Ruang guru dipakai sementara untuk mengajar karena ruang kelas sedang direnovasi. Tak ayal, ruangan itu tak hanya berisi papan tulis. Mulai dari cobek, karung berisikan bola voli, hingga meja ping pong juga dapat ditemukan di dalamnya. Akan tetapi, anak-anak tampak tak risih dengan keadaan itu.
Di dalam kelas, anak-anak yang duduk lebih sedikit ketimbang mereka yang berlarian, menggambar di papan tulis, dan bermain kelereng. Keadaan itu baru tenang ketika mereka tahu Bu Nina, sang wali kelas, melangkah ke arah kelas.
Selayaknya sekolah dasar, tenang adalah kondisi sementara.

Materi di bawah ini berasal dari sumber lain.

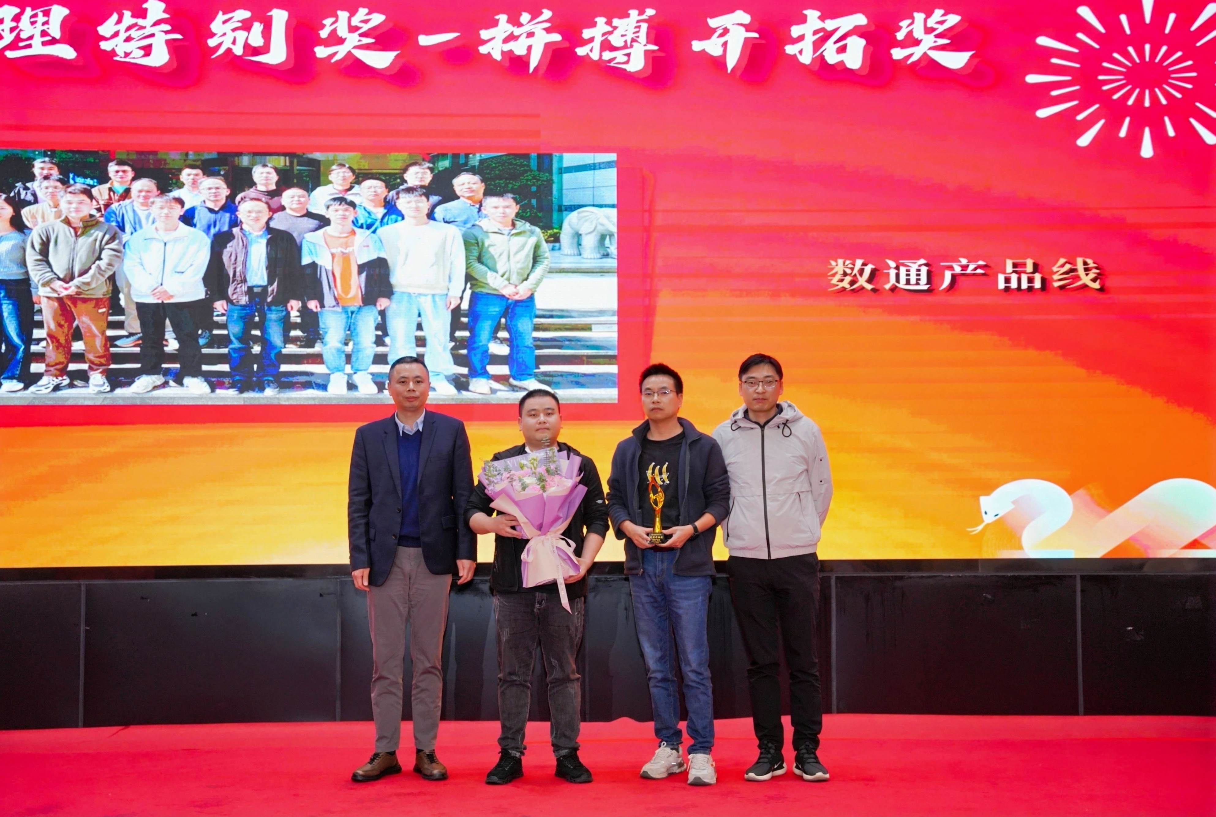 在本年度的總經(jīng)理特別獎(jiǎng)中,韓總為數(shù)通產(chǎn)品線頒發(fā)了拼搏開(kāi)拓獎(jiǎng),對(duì)數(shù)通產(chǎn)品線從0到1的突破表示肯定,并激勵(lì)團(tuán)隊(duì)為數(shù)通業(yè)務(wù)發(fā)展繼續(xù)奮勇前進(jìn),堅(jiān)定了公司對(duì)數(shù)通業(yè)務(wù)的發(fā)展信心。

Selepas wali kelas pergi, kelas kembali ramai, lirik sana-sini, saling ejek, dan tertawa. Seolah saya diajak kembali ke masa saat kegetiran itu tidak ada.
“perkenalkan nama kakak, Rivanlee”
“ha? Saha, kak?”
saya menuliskan nama di papan tulis.
“oh, Jet Li” saut salah seorang murid
Hari pertama saya mengajak mereka untuk menuliskan harapan-harapan di selembar kertas. Lalu, meminta mereka membacakan harapan tersebut satu per satu di depan kelas seraya mengenali murid.

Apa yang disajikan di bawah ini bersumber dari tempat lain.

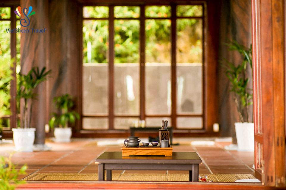 Du khách thưởng thức tách trà trong Trú Vũ Trà Quán trong không gian tĩnh lặng của chốn bồng lai, sự kết hợp độc đáo giữa kiến trúc, âm nhạc, và trà đạo tạo nên một sắc cảnh tựa như cư sỉ ẩn cư mang đến sự thanh tịnh cho tâm hồn.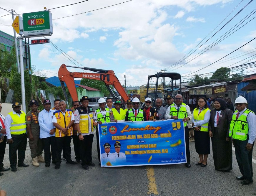 MANOKWARI - Pemprov Papua Barat kembali memulai pembersihan area perluasan ruas jalan Esay Sesa - Maruni, ditandai dengan pembongkaran dan penanaman patok oleh Gubernur Drs. Dominggus Mandacan M.Si di jalan Esau Sesa, Senin (13/10/2025).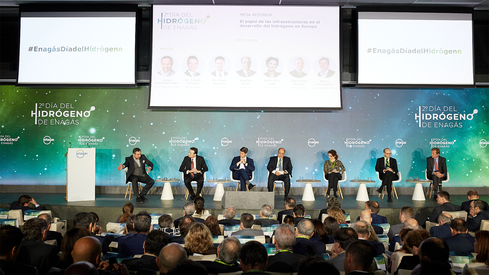 f. l. t. r. Jorgo Chatzimarkakis (moderator), Hydrogen Europe; Arturo Gonzalo, Enagas; Frank Reiners, OGE; Rodrigo Costa, REN; Maria Rita Galli, DESFA; Dominique Mockly, Terega; Pierre Duvieusart, GRTgaz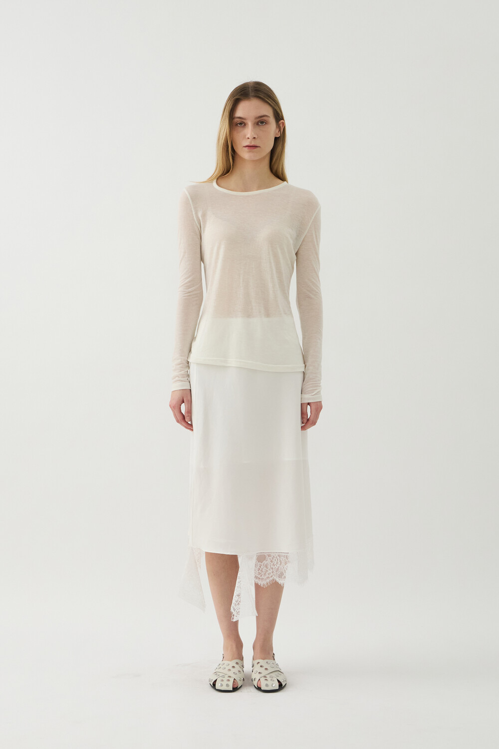 UNBALANCED NECK SHEER TOP - IVORY (W)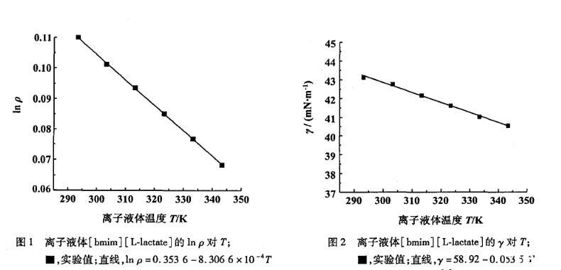 在293.15~343.15 K溫度范圍內(nèi)實(shí)驗(yàn)測得的離子液體[bmim][L-lactate]的表面張力值隨溫度的升高而減小(圖2),并且得到表面張力的經(jīng)驗(yàn)方程:

“nama saya Ridwan. Cita-cita ingin jadi pembalap motor kayak akang-akang di Pangdam”
Pangdam adalah akronim dari Pangkalan Damri. Posisinya persis di depan Universitas Padjajaran. Saat hari terang, fungsinya menjadi tempat bis Damri berlabuh menunggu penumpang. Sedang malam, beralih menjadi parkir motor yang kadang sering digunakan sebagai posisi awal balapan liar.

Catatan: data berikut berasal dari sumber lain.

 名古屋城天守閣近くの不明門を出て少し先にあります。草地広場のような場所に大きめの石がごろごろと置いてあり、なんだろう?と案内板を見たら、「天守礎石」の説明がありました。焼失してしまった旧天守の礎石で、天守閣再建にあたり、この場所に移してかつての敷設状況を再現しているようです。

Singkat cerita, di kelas itu saya tidak sedikit menemukan cita-cita anak-anak yang jarang sekali saya dengar; supir bis, agen travel, juga pemain sepak bola. Pada posisi itu saya menyadari bahwa ada beragam capaian yang berbeda-beda dari tiap kepala murid di luar, dokter, insinyur, pilot, atau tentara. Mereka, terlihat unik, dengan apa yang mereka inginkan. Tapi, itu akan lain ketika saya pakai “kacamata” murid-murid pada umumnya. Cita-cita itu akan terlihat “aneh” karena yang dijawab jauh dari apa yang saya bayangkan.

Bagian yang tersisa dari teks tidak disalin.